▶ [REQUIREMENT] Omit the pictures and reproduce the rest of the listing exactly.

▶ [SUPPLIED INFORMATION]
- - - - - - -

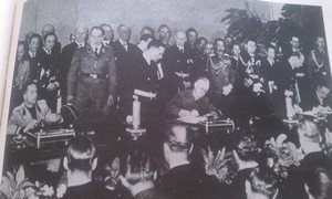 In March 1938, Adolph Hitler's Nazi Germany annexed (anschluss) neighboring Austria and was welcomed by its population. Less receptive was neighboring Czechoslovakia, but too weak to offer resistance to a German invasion (March 16, 1939). That country was abandoned by Great Britain and France who believed that Hitler's appetite was satisfied with this conquest. Prime Minister Neville Chamberlain sold that message to the English people in a moment of wishful thinking. Thus it is fitting to begin a photo tour of World War 2 with this honorable gentleman who henceforth was known for his injudicious policy of appeasement.
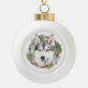 Siberian Husky Christmas Wreath Festive Pup Ceramic Ball Christmas Ornament
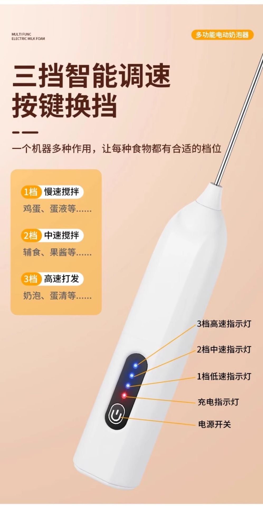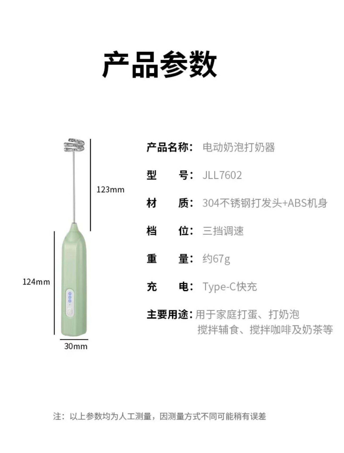功率: 150W及以下 档位: 3档 功能: 搅拌,打蛋,家用,和面,烘焙,打奶油 放置方式: 手持式 产品分类: 打蛋器 额定电压: 36V及以下 品牌: 启旺 货号: 31821 型号: 0001 上市时间: 2025.6.6 颜色: 白色,绿色 规格: 三档调节/快速打发/带充电线 是否跨境出口专供货源: 否 重量: 0.5 kg/个
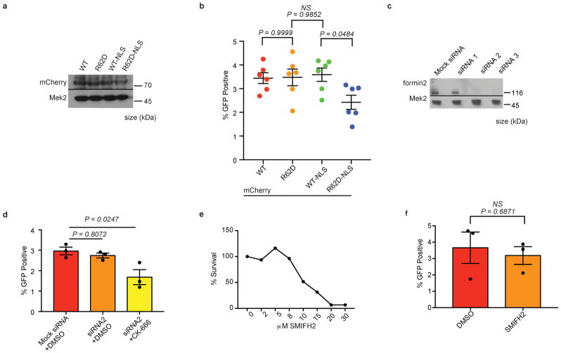 Extended Data Fig. 8. Actin nucleation regulates HDR in the nucleus and does not require formin-2 activitya, Western blot shows expression of mCherry-tagged actin constructs in U2OS whole cell lysates (single experiment). b, Summary of DR-GFP (HDR) assay (P calculated by one-way ANOVA with multiple comparisons; data shown as mean and s.e.m; n=6 independent experiments). c, Western blot shows knockdown of formin-2 following 48 hr transfection of mock or sequence-specific siRNA oligos (single experiment). Formin-2 siRNA #2: 5′-CGUGUAAUCAGAAUGCCCA-3′. d, Summary of DR-GFP assay (P calculated by one-way ANOVA with multiple comparisons; data shown as mean and s.e.m; n=3 independent experiments). e, Mean cell survival after 48 hours of increasing concentrations of the formin inhibitor, SMIFH2 (n=3 independent experiments). f, Summary of DR-GFP assay (P calculated by student’s two-tailed t-test; data shown as mean and s.e.m; n=3 independent experiments).

- - - - - - -

▶ [OUTPUT FOR THIS EXERCISE]
 In March 1938, Adolph Hitler's Nazi Germany annexed (anschluss) neighboring Austria and was welcomed by its population. Less receptive was neighboring Czechoslovakia, but too weak to offer resistance to a German invasion (March 16, 1939). That country was abandoned by Great Britain and France who believed that Hitler's appetite was satisfied with this conquest. Prime Minister Neville Chamberlain sold that message to the English people in a moment of wishful thinking. Thus it is fitting to begin a photo tour of World War 2 with this honorable gentleman who henceforth was known for his injudicious policy of appeasement.
 Siberian Husky Christmas Wreath Festive Pup Ceramic Ball Christmas Ornament
功率: 150W及以下 档位: 3档 功能: 搅拌,打蛋,家用,和面,烘焙,打奶油 放置方式: 手持式 产品分类: 打蛋器 额定电压: 36V及以下 品牌: 启旺 货号: 31821 型号: 0001 上市时间: 2025.6.6 颜色: 白色,绿色 规格: 三档调节/快速打发/带充电线 是否跨境出口专供货源: 否 重量: 0.5 kg/个
 Extended Data Fig. 8. Actin nucleation regulates HDR in the nucleus and does not require formin-2 activitya, Western blot shows expression of mCherry-tagged actin constructs in U2OS whole cell lysates (single experiment). b, Summary of DR-GFP (HDR) assay (P calculated by one-way ANOVA with multiple comparisons; data shown as mean and s.e.m; n=6 independent experiments). c, Western blot shows knockdown of formin-2 following 48 hr transfection of mock or sequence-specific siRNA oligos (single experiment). Formin-2 siRNA #2: 5′-CGUGUAAUCAGAAUGCCCA-3′. d, Summary of DR-GFP assay (P calculated by one-way ANOVA with multiple comparisons; data shown as mean and s.e.m; n=3 independent experiments). e, Mean cell survival after 48 hours of increasing concentrations of the formin inhibitor, SMIFH2 (n=3 independent experiments). f, Summary of DR-GFP assay (P calculated by student’s two-tailed t-test; data shown as mean and s.e.m; n=3 independent experiments).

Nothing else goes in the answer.